BRIEF
Transcribe word for word the section of the records below that opens with the line containing "2回繰り返すあだ名 | 『すぎすぎ』『すすぎぎ』『ぬれぬれ』 |" and closes with the line containing "Skat, kā politiķi"; drop every picture.

DATA FOR THIS TASK
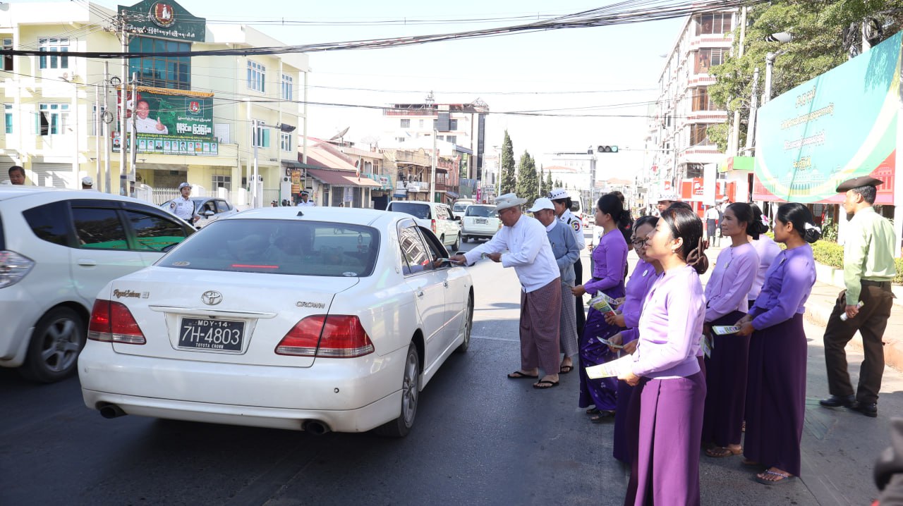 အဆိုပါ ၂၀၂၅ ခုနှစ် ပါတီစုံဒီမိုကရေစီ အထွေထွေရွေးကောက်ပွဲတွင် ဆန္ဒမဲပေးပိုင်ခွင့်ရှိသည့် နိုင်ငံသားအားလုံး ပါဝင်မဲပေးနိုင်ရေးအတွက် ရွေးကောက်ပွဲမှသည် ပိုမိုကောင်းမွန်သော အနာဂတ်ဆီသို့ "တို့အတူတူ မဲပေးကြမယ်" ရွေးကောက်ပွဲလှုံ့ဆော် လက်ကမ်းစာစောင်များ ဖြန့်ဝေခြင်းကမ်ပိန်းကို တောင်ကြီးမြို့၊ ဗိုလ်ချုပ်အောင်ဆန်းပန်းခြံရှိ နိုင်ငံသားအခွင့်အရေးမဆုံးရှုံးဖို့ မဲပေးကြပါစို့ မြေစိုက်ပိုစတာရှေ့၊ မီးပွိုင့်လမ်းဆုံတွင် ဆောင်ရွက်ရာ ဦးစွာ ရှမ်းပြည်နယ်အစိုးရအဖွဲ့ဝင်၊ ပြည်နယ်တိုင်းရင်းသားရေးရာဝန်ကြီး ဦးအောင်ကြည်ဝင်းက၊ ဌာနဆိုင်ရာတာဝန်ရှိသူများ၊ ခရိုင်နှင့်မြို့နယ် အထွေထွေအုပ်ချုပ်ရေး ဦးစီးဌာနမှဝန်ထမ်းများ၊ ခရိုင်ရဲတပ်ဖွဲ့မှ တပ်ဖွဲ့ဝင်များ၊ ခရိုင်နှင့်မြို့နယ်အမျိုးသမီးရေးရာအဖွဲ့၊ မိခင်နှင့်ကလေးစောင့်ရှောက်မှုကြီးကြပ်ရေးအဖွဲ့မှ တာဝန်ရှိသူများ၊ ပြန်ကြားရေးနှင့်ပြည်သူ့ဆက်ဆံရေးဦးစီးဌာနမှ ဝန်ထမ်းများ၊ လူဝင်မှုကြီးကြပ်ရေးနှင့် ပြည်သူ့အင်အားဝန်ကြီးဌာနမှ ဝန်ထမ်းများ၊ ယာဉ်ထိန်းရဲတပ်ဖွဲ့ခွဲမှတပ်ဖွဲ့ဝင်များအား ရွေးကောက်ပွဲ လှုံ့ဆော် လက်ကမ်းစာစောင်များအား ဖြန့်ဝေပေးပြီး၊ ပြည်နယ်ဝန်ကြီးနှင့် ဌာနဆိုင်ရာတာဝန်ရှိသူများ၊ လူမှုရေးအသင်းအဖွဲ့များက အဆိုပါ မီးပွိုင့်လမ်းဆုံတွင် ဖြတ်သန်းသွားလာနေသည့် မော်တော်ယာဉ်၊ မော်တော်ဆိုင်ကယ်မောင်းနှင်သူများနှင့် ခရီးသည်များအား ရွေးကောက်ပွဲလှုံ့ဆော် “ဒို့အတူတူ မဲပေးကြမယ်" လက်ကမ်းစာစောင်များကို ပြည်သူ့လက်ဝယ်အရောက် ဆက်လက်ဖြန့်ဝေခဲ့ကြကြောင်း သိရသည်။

...

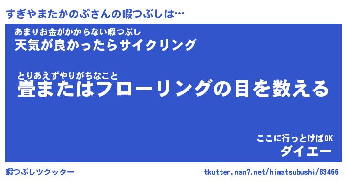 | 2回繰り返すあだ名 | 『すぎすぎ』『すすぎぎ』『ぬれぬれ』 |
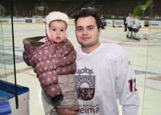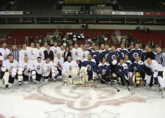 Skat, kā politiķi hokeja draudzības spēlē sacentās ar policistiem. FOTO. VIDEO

ANSWER FOR THIS EXERCISE
 | 2回繰り返すあだ名 | 『すぎすぎ』『すすぎぎ』『ぬれぬれ』 |
 Skat, kā politiķi hokeja draudzības spēlē sacentās ar policistiem. FOTO. VIDEO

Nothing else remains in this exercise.